Stored records >>
· · · · ·
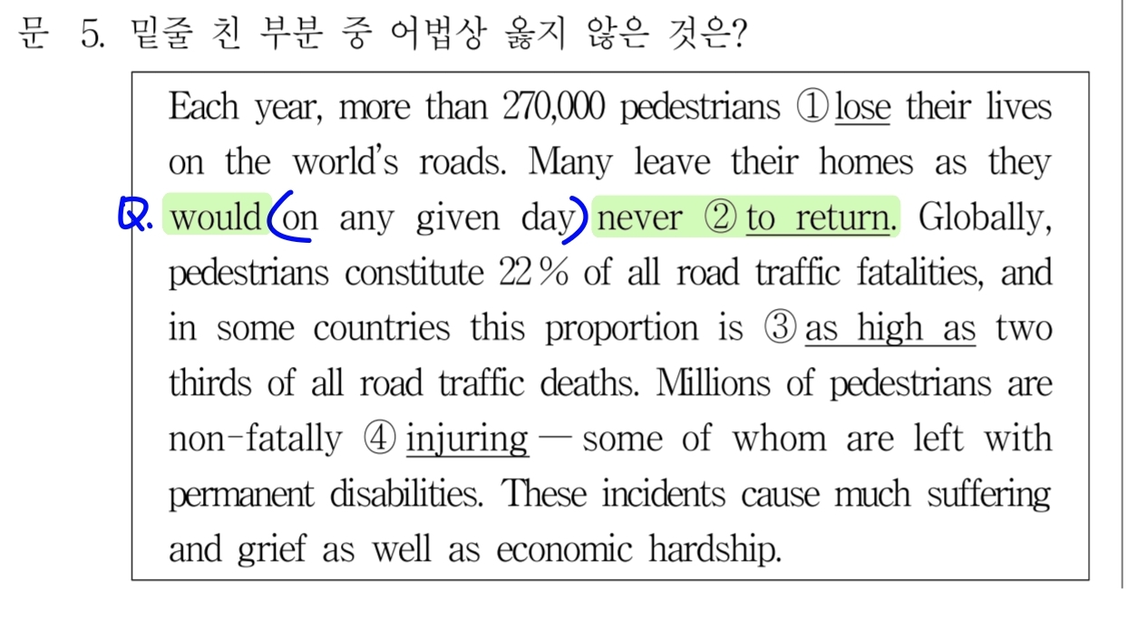 would 뒤에는 당연히 동사원형이 와야 되니까 2번을 틀린걸로 정답을 찍었는데 틀렸네요,,
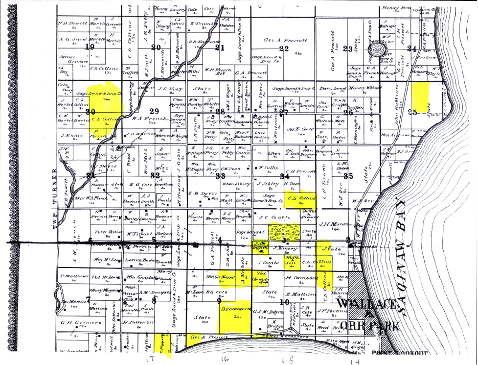 Plot map of Arenac county about 1925 showing land owned by E W Sims at that time. This does not include land owned on Pt Au Gres and other areas of Arenac County.
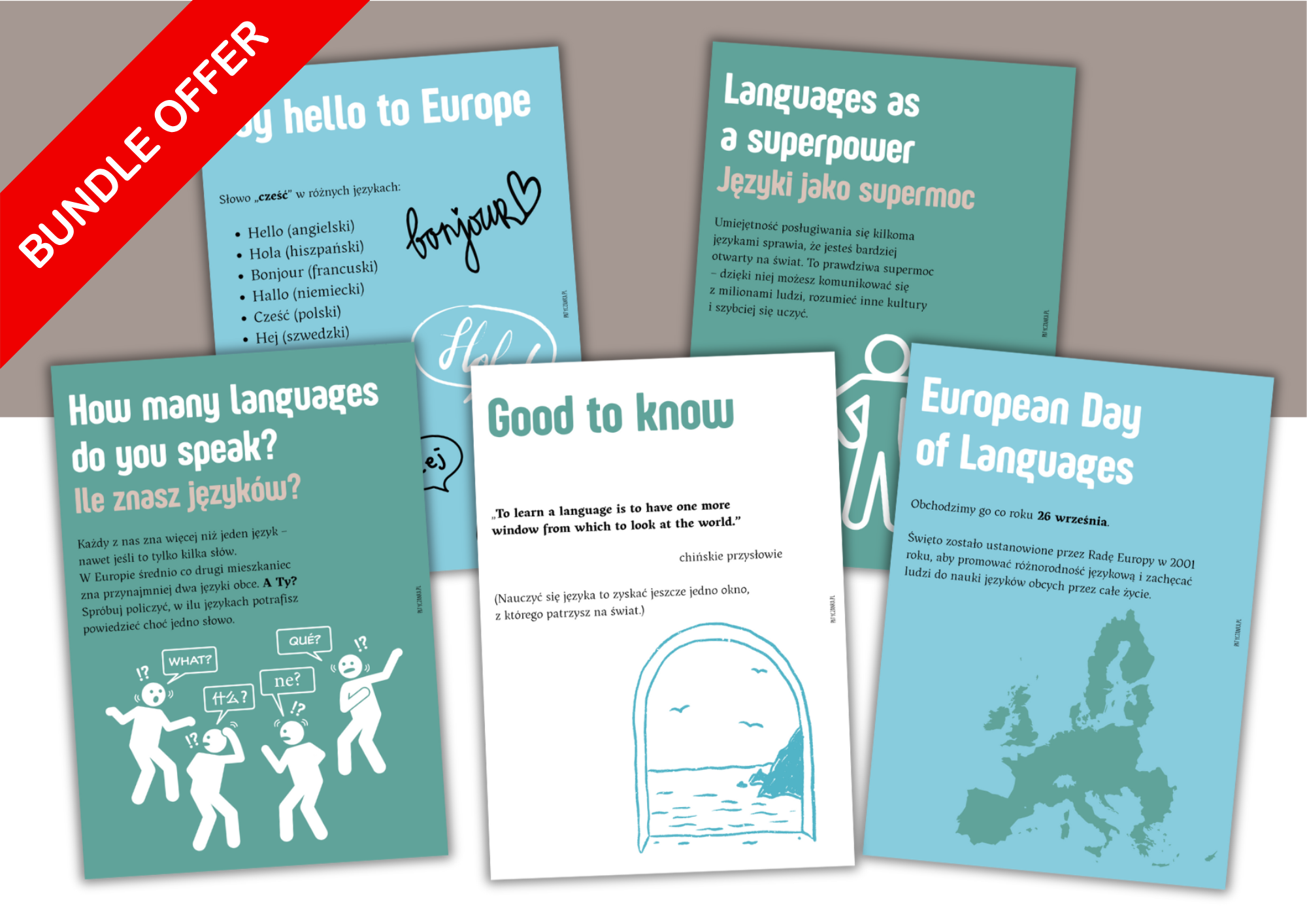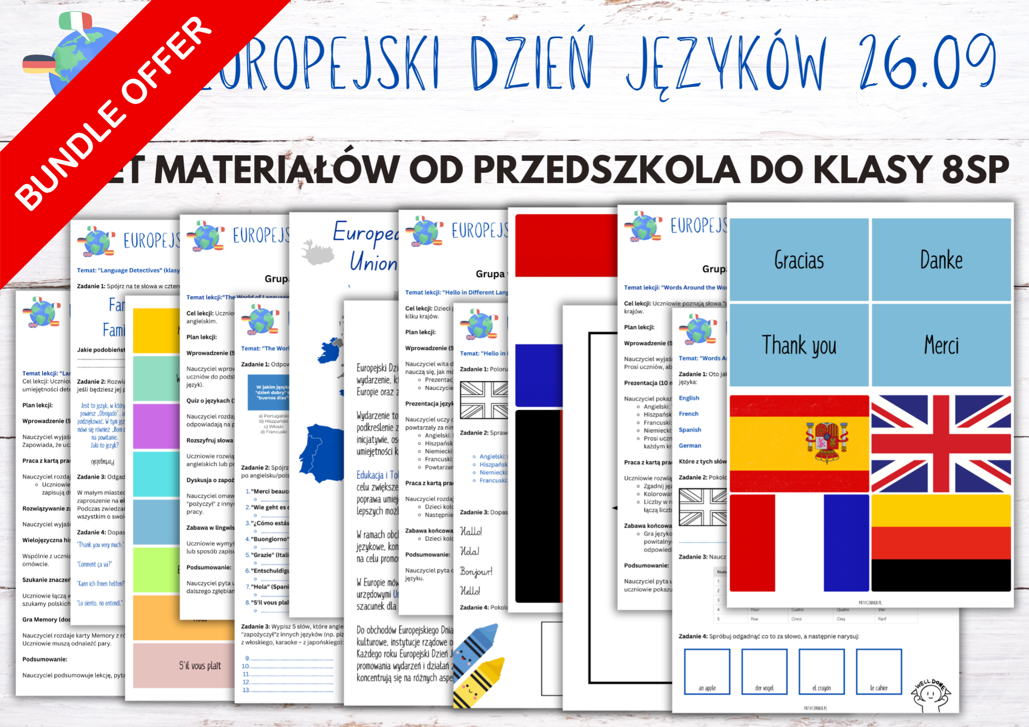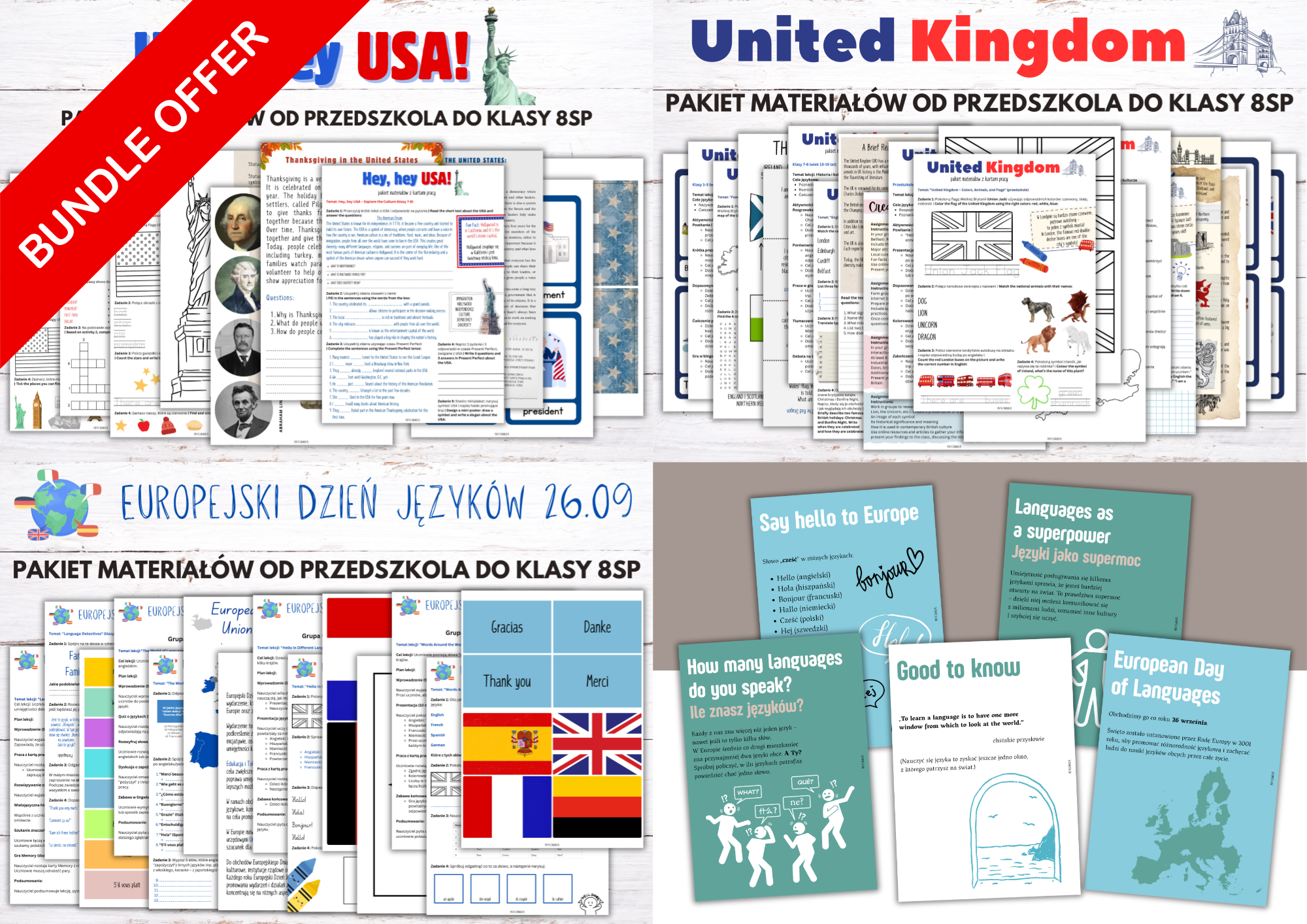 Szukasz materiałów, które zachwycą uczniów i odciążą Cię z przygotowań? Ten czteroelementowy pakiet to gotowe rozwiązanie – łączy język i kulturę w angażującej formie.
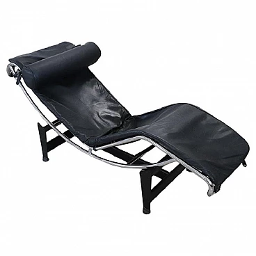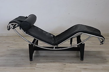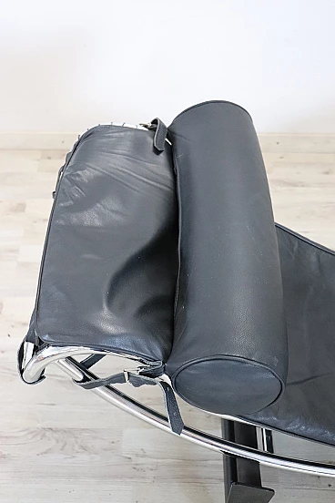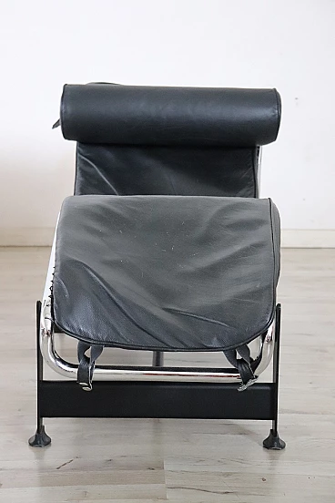 Black leather chaise longue in the style of Le Corbusier, 1980s
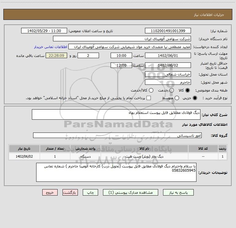 توضیحات خریدار:با سلام واحترام دیگ فولادی مطابق فایل پیوست (تحویل درب) کارخانه آلومینا جاجرم ) شماره تماس 05832605945
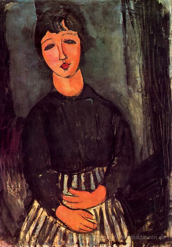Wir bieten Ihnen eine handgefertigte Reproduktion auf Leinwand des berühmten Kunstwerks 'Ein junges Mädchen,' von Amedeo Modigliani, aus dem Reproduktionsmuseum.
· · · · ·
REQUIRED WORK >> Your answer must be an exact copy of the lines from the start of the entries through the line with "Black leather chaise", with no pictures.

SOLUTION TO THIS PROBLEM >>
 would 뒤에는 당연히 동사원형이 와야 되니까 2번을 틀린걸로 정답을 찍었는데 틀렸네요,,
 Plot map of Arenac county about 1925 showing land owned by E W Sims at that time. This does not include land owned on Pt Au Gres and other areas of Arenac County.
 Szukasz materiałów, które zachwycą uczniów i odciążą Cię z przygotowań? Ten czteroelementowy pakiet to gotowe rozwiązanie – łączy język i kulturę w angażującej formie.
 Black leather chaise longue in the style of Le Corbusier, 1980s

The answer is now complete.